▶ **WORK ITEM**: Write out the lines of the material below exactly, beginning at the line with "Pour un sol" and stopping after the line with "4、点击之后会在视频下方弹出", and leave out the pictures.

[Opening RECORDS SUPPLIED section]

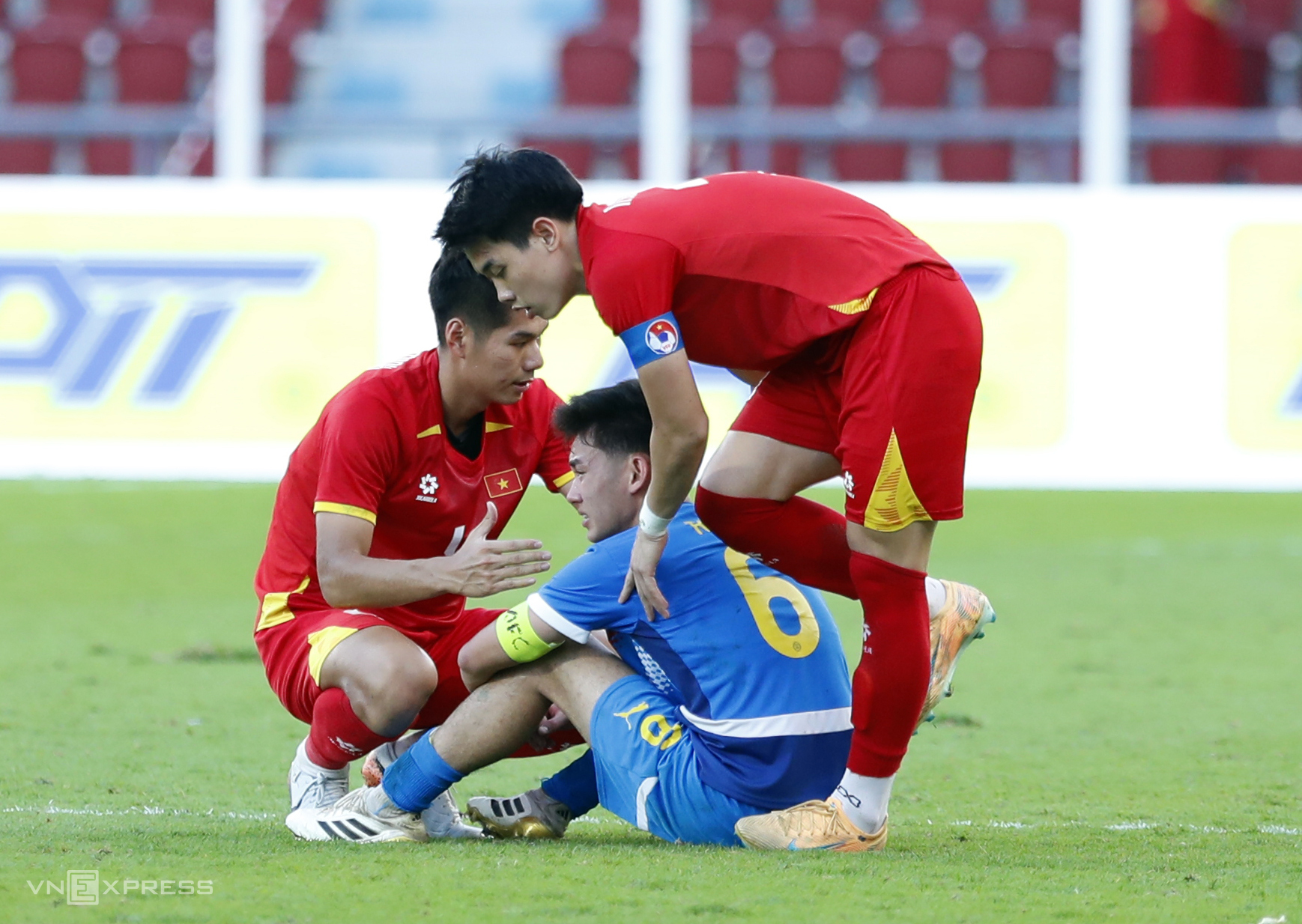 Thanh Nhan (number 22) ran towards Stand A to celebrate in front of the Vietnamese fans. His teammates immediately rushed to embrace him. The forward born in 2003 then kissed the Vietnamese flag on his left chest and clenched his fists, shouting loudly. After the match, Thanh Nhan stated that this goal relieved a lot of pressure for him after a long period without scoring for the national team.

[Closing RECORDS SUPPLIED section]
[Opening RECORDS SUPPLIED section]

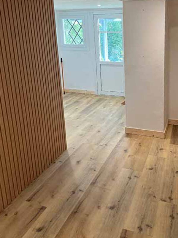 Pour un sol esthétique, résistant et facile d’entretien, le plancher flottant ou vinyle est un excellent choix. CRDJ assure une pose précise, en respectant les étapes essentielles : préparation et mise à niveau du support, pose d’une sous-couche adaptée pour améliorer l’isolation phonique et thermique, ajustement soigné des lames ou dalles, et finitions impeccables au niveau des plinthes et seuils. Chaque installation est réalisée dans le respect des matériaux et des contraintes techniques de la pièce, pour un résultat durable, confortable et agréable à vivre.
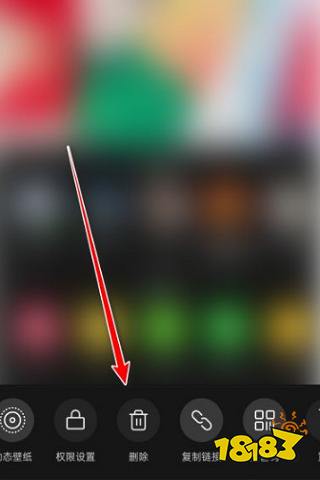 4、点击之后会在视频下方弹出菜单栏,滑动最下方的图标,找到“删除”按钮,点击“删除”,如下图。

[Closing RECORDS SUPPLIED section]
[Opening RECORDS SUPPLIED section]

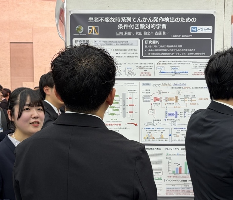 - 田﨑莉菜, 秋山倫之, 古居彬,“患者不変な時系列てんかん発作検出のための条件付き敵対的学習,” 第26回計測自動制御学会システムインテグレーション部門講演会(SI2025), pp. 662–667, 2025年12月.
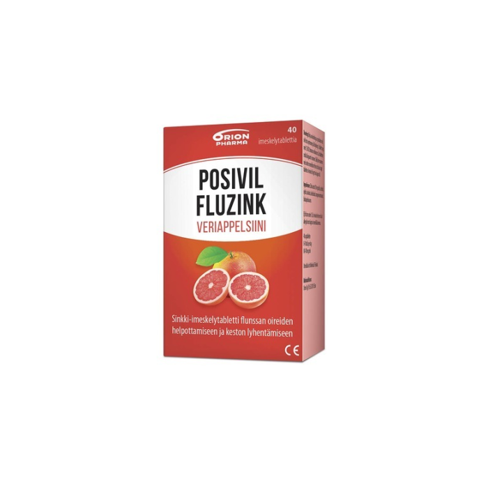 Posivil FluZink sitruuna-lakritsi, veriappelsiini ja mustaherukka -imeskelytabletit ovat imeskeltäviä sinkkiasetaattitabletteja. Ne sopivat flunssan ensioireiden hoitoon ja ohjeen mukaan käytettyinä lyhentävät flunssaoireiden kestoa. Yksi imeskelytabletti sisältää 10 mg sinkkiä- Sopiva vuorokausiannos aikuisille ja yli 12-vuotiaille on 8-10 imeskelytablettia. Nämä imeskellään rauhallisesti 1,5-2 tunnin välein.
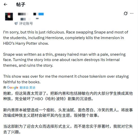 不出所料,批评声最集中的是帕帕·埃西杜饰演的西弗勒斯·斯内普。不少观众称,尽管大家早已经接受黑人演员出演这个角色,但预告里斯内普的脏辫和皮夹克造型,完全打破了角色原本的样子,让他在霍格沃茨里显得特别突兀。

[Closing RECORDS SUPPLIED section]

▶ **ANSWER BOX**:
 Pour un sol esthétique, résistant et facile d’entretien, le plancher flottant ou vinyle est un excellent choix. CRDJ assure une pose précise, en respectant les étapes essentielles : préparation et mise à niveau du support, pose d’une sous-couche adaptée pour améliorer l’isolation phonique et thermique, ajustement soigné des lames ou dalles, et finitions impeccables au niveau des plinthes et seuils. Chaque installation est réalisée dans le respect des matériaux et des contraintes techniques de la pièce, pour un résultat durable, confortable et agréable à vivre.
 4、点击之后会在视频下方弹出菜单栏,滑动最下方的图标,找到“删除”按钮,点击“删除”,如下图。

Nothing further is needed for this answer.